### Exercise data
=== Begin Enclosure ===

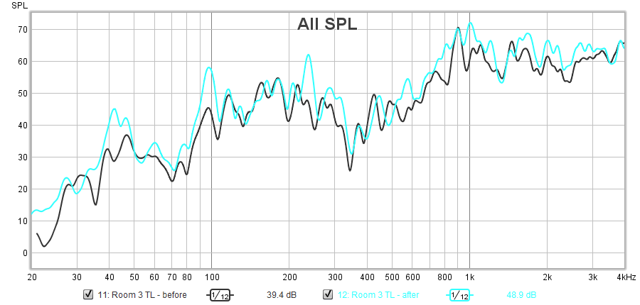 Next take the measurement mic to room 3 and repeat the sweep with the amp directly on the floor. The amp was directly on the floor for the "before" tests too. Here are the before and after sound isolation improvement measurements;
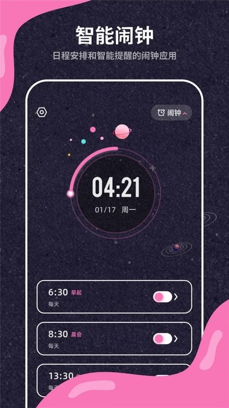 -智能闹钟:根据您的睡眠周期智能选择最佳唤醒时间,让您每天都能神清气爽地醒来。
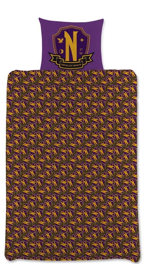 Giv soveværelset et mystisk og stilfuldt look med dette flotte Wednesday sengetøj. Sættet er i en lilla farve og har et vendbart design, så du nemt kan skifte udtryk i sengen. På forsiden ses Wednesday Addams og Enid Sinclair, mens bagsiden har et flot fuldprintet logo design. Perfekt til fans af det populære univers.
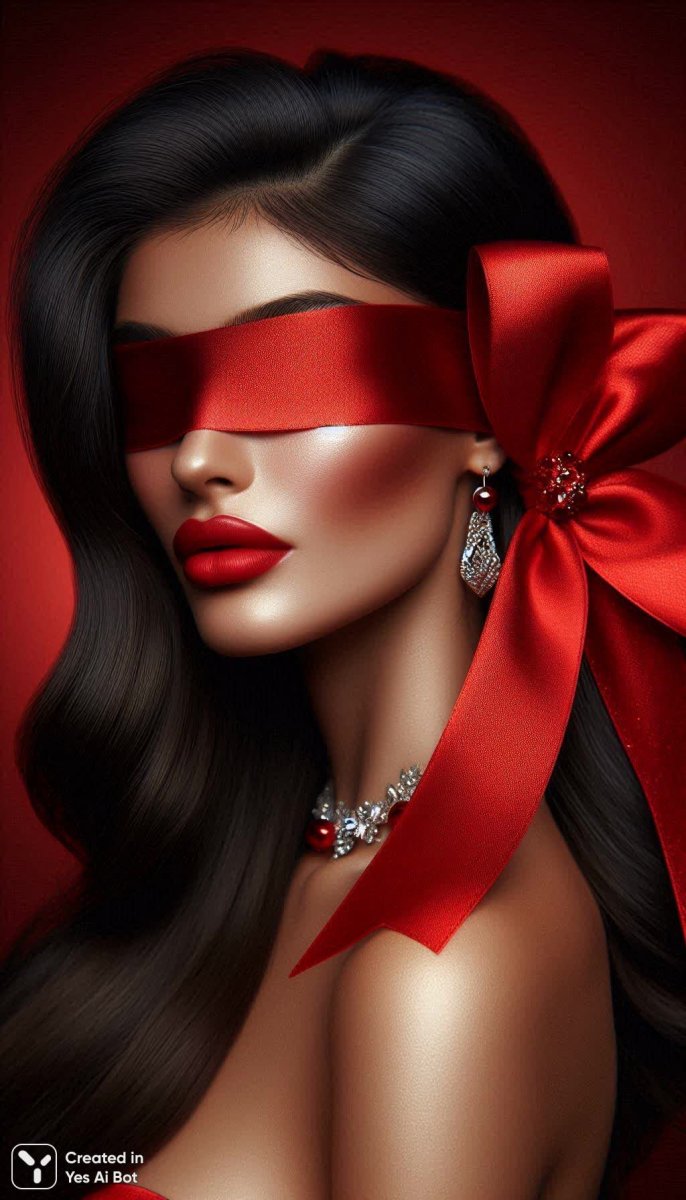 Завораживающий портрет женщины, исполненный с поразительной детализацией, пленяет своей красотой и загадочностью. Длинные темные волосы, окутанные яркими ало-красными атласными лентами, скрывают глаза и голову, создавая атмосферу тайны и нежности. Кожа сияет мягким светом, подчеркивая безупречность черт лица, а смелый оттенок помады добавляет образу дерзости и элегантности. Большой сверкающий атласный бант из паеток, грациозно завязанный на шее, служит ярким акцентом, привлекающим внимание к декольте. Идеальный однотонный алый фон создает ощущение легкости и воздушности, позволяя зрителю полностью сосредоточиться на модели. Блики драгоценностей добавляют портрету роскоши и изысканности. Снято на камеру Canon EOS R5 с объективом RF 85mm f/1.2L при мягком равномерном студийном освещении, что позволило добиться потрясающей четкости и глубины изображения. Этот образ – воплощение женственности, силы и неповторимого стиля, запечатленное в мельчайших деталях с использованием передовых технологий фотоискусства. Картина излучает чувственность и элегантность, оставляя неизгладимое впечатление своей красотой и гармонией. Это не просто портрет – это история, рассказанная языком света и цвета

=== End Enclosure ===

Please print the data above in its entirety, exactly, but without any picture.

 Next take the measurement mic to room 3 and repeat the sweep with the amp directly on the floor. The amp was directly on the floor for the "before" tests too. Here are the before and after sound isolation improvement measurements;
 -智能闹钟:根据您的睡眠周期智能选择最佳唤醒时间,让您每天都能神清气爽地醒来。
 Giv soveværelset et mystisk og stilfuldt look med dette flotte Wednesday sengetøj. Sættet er i en lilla farve og har et vendbart design, så du nemt kan skifte udtryk i sengen. På forsiden ses Wednesday Addams og Enid Sinclair, mens bagsiden har et flot fuldprintet logo design. Perfekt til fans af det populære univers.
 Завораживающий портрет женщины, исполненный с поразительной детализацией, пленяет своей красотой и загадочностью. Длинные темные волосы, окутанные яркими ало-красными атласными лентами, скрывают глаза и голову, создавая атмосферу тайны и нежности. Кожа сияет мягким светом, подчеркивая безупречность черт лица, а смелый оттенок помады добавляет образу дерзости и элегантности. Большой сверкающий атласный бант из паеток, грациозно завязанный на шее, служит ярким акцентом, привлекающим внимание к декольте. Идеальный однотонный алый фон создает ощущение легкости и воздушности, позволяя зрителю полностью сосредоточиться на модели. Блики драгоценностей добавляют портрету роскоши и изысканности. Снято на камеру Canon EOS R5 с объективом RF 85mm f/1.2L при мягком равномерном студийном освещении, что позволило добиться потрясающей четкости и глубины изображения. Этот образ – воплощение женственности, силы и неповторимого стиля, запечатленное в мельчайших деталях с использованием передовых технологий фотоискусства. Картина излучает чувственность и элегантность, оставляя неизгладимое впечатление своей красотой и гармонией. Это не просто портрет – это история, рассказанная языком света и цвета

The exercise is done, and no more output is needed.